Chisombezi School educates around 12 students, each facing unique challenges due to their deaf blindness. The school’s rudimentary structure and constant struggle for basic necessities like food and learning materials depict a stark reality. Yet, within these walls, the school is much more than a center of learning; it’s a home where children find a sense of belonging and love, often missing in their lives. 

Many deafblind children in Malawi lack adequate support at home. At Chisombezi, they are part of a community that understands and nurtures them. The teachers, trained in various methods of hand sign language, open a world of communication for them, allowing them to express needs, wants, and feelings for the first time. “We do more than teach,” Sister Prisca explains. “We give our children the gift of communication, the joy of expressing themselves, and the comfort of being understood.” 
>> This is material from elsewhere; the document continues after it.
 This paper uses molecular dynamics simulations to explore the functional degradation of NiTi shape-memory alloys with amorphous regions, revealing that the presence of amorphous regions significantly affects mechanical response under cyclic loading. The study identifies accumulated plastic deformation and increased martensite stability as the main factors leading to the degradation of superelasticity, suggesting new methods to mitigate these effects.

However, the school faces heart-wrenching challenges. Some students, living at home, disappear for months, losing much of their educational progress. This reflects the broader struggles of growing up in impoverished communities in Malawi, where isolation and desperation are common experiences. 

Yet, hope shines through in the school’s ethos, focusing on equality, dignity, and a preferential option for the poor. Sister Prisca, with her background in special education for the deafblind, sees each child’s potential. The school’s sign, “Hope for the Future,” embodies their core values and vision of creating a self-reliant person with deaf blindness in society. 
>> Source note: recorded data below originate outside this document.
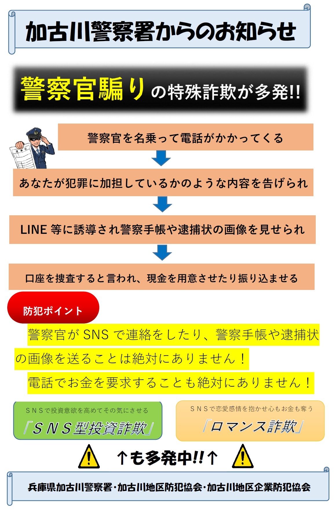 ↑チラシ「警察官騙りの特殊詐欺が多発!!」(加古川警察署・加古川地区防犯協会・加古川地区企業防犯協会発行)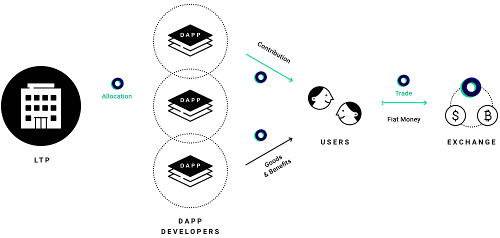 最左邊是由 LINE 成立的公司 LTP,負責將 LINK 配發給特定的應用開發商,用戶再以「貢獻挖礦」的方式從應用開發商手上賺得 LINK 代幣。但並不是所有的應用開發商都可以拿到代幣配發,只有 LINE 自家開發的應用或經過 LINE 篩選的少數應用開發商,才能擔任代幣供給者的角色(稱為 LINE Alliance dApp)。剛剛舉例的 Wizball 和 LINE Pasha 都是 LINE 自家開發的應用。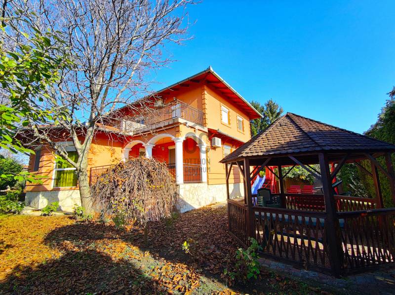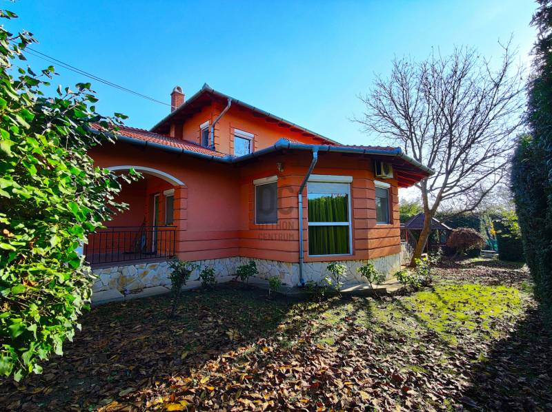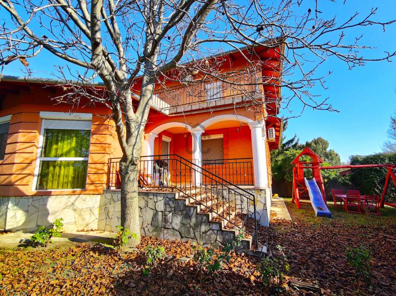 Eladó Érd Fenyves-Parkváros egyik csöndes utcájában egy 267 m2-es családi ház 1108 m2-es telekkel!Az ingatlan 2005-ben épült két szintes, duplakomfortos, tégla épület. Az alsó szinten található a konyha étkezővel, kamra, wc, szoba és egy tágas nappali, amely egész nap világos köszönhetően nagy méretű hőszigetelt ablakainak. Ezeken az ablakokon kitekintve a kertet láthatjuk, ahol minden megtalálható, hogy a család otthon is kikapcsolódhasson. Találunk itt 2 teraszt, kerti sütögetőt, filagóriát valamint a gyerekek számára kialakított játszóteret is.A felső szinten 3 szoba, társalgó, fürdő és terasz került kialakításra.Az alsó szintet van egy 2 beállós garázs is, de az udvarban elfér meg legalább 3 gépkocsi.Az épület fűtését egy gáz-cirkó kazán látja el. Arról, hogy a meleg a házban maradjon a külső hőszigetelés, valamint a hő és hangszigetelt ablakok gondoskodnak.A ház teljes egészében légkondicionált.Itt mindenki megtalálhatja a számára legszimpatikusabb szobát és még a nagymamának is jut egy szabad szoba, ha megérkezik egy hosszú hétvégére!Mivel a ház 2005-ben épült, így biztosan nem vesz zsákbamacskát, nem lesznek rejtett hibák, kellemetlen meglepetések!Kifejezetten ajánlom nagycsaládosoknak. De ha valaki szeretné felszínre hozni a benne szunnyadó megastar-t, neki segítségére lehet a rádóival felszerelt zuhanykabin! :-)Szóval ne késlekedjen mert lemarad!

The school’s impact is most evident in the joy and laughter of the children during performances and activities. These moments of happiness underscore the transformative effect of the school, where the children are cherished as individual sons and daughters of God, each loved and celebrated for their individuality. Adorning the school’s walls are posters detailing what each one of them likes, dislikes, and what their particular abilities are. Sister Prisca and the Chisombezi School for the Deafblind are modern-day miracle workers in a setting that echoes the challenges and determination of Helen Keller and Anne Sullivan. They provide not only education and communication skills to these children but also a sense of dignity and belonging in a world that often overlooks them. “Our goal,” 

Sister Prisca concludes, “is to nurture these children into individuals who can confidently stand in society, not just as equals, but as symbols of hope and perseverance.”  Article by Ines San Martin, Vice President of Marketing and Communications of the Pontifical Mission Societies of the United States.